In the service of which, two eight-foot, five-hundred-pound females, captured in the Caribbean, were transported to Hawai‘i. For years enclosed (surely intentional euphemism) in separate concrete tanks fifty feet in diameter, five or six feet deep. Within sight, sound, and smell of open ocean, even closer to an adjacent bar’s music and drunk patrons. Late weekend nights in particular must have offered the cetaceans words to learn. Or, if they became fluent enough, to understand what God said about “dominion over the fish of the sea, and over the fowl of the air, and over every living thing that moveth upon the earth.”
Consider ambitions’ premises—stated, unstated. This director’s might have read: interspecies communication is important; communication between humans and other species is the most important; dolphins have large brains, which might allow verbal interaction between them and us. Therefore, take them out of their element to find out. Unstated is why interspecies communication, if vital, would require this strategy, or, how careers for humans in academia are advanced.
Meanwhile, observe the finis in confined.
As Gavan Daws notes in his brilliant “Men, Dolphins, and Biography,” evolution in the water world has evolved “a distribution and processing of sensory information so unfamiliar to humans that we have no way of bringing it together to make it spell conscious-ness, at least in our spelling: oceanic change of temperature, light, color, barometric pressure, chemical and nutritive composition, acidity and salinity of water, and—on a cosmic scale—the pull of sun, moon, and stars, the turning of the earth, acting on the massive ocean currents and the running of the tides.” [End Page 31]
About who gets to tell the story: back then, four decades ago, and now. In 1977, former employees of the marine mammal laboratory took these dolphins to the ocean to “liberate” them. Or, as the anguished director put it, “They stole my dolphins.” And, the director said, “You build a life’s work around something to which you’re not only intellectually but emotionally wedded. There is a sense of a death in the family.”
________
Bear in mind—I’ll try to bear in mind—that sensibilities change, and that the director of the marine mammal center had done great good for at least one cetacean.
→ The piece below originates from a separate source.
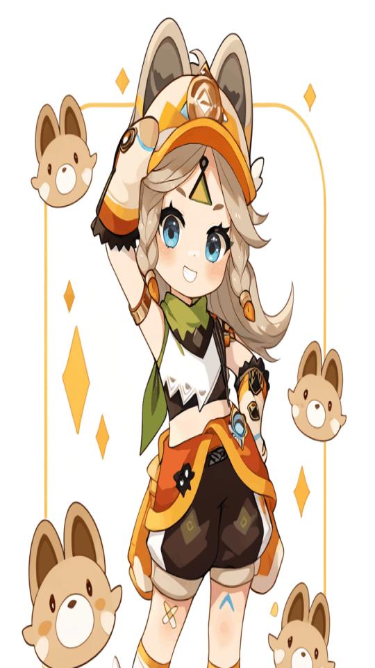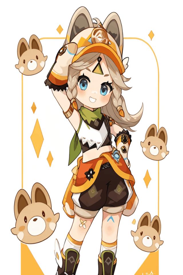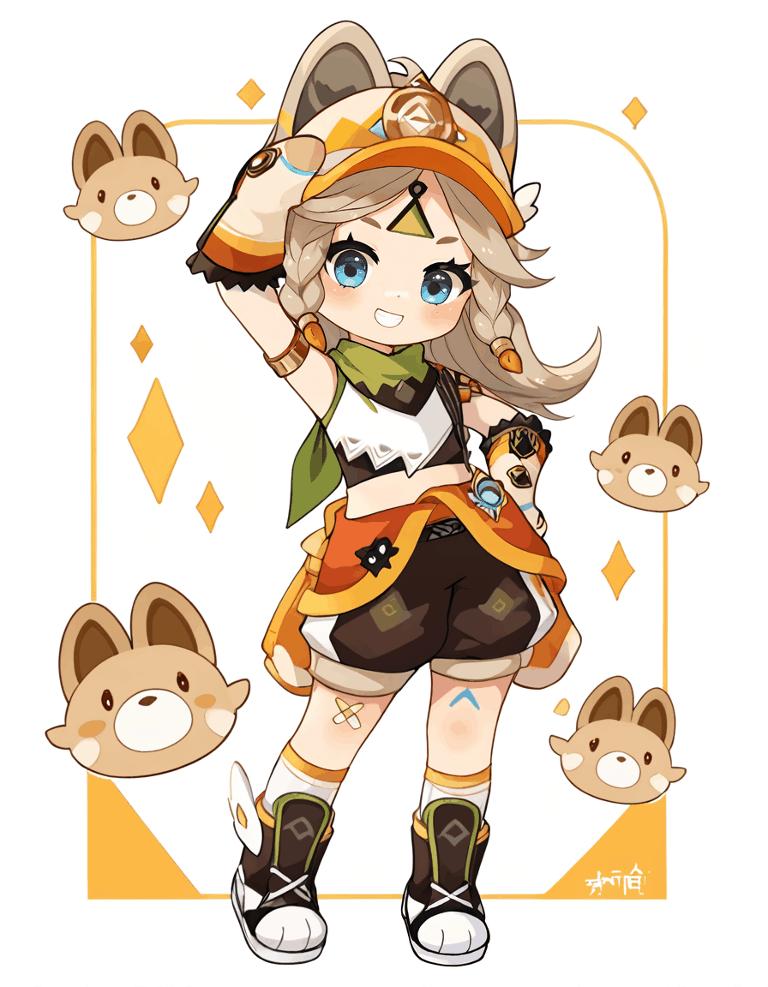 Prompt score_9, score_8_up, score_7_up, rating_safe, kachina, solo, looking at viewer, blush, smile, tail, full body, chibi, grin, arm up, hand on hip, pokemon \(creature\), <lora:kachina:0.9>

In 1995, a forty-foot whale, (human-named) Humphrey, entered San Francisco Bay, headed up the Sacramento River, then into a creek. Nearly seventy miles, a dead end. After a month of rescue efforts, it was the director’s strategy of using recordings of feeding whales that lured Humphrey out to open ocean.
No doubt this humpback would sing out on the director’s behalf, if someone could only do the notating, especially because the director helped a second time when the whale ran aground on a mudflat in San Francisco Bay. And later, to his credit, the director was one of hundreds of marine scientists urging the Japanese government to stop the slaughter of the Taiji dolphin hunts. Good deeds...
Who, then, can predict whether or not verbally fluent dolphins drawn from a jury “pool” would find the director guilty? Who can guess what stories dolphins might tell, though author Ceridwen Dovey ventriloquizes a U.S.-trained combat dolphin in “A Letter to Sylvia Plath.” And Douglas Adams, in The Hitchhiker’s Guide to the Galaxy, has dolphins “perfectly capable of communicating” in human language but choosing not to. Aware of earth’s impending destruction, they abandon the water planet with a message containing these last words: so long, and thanks for all the fish.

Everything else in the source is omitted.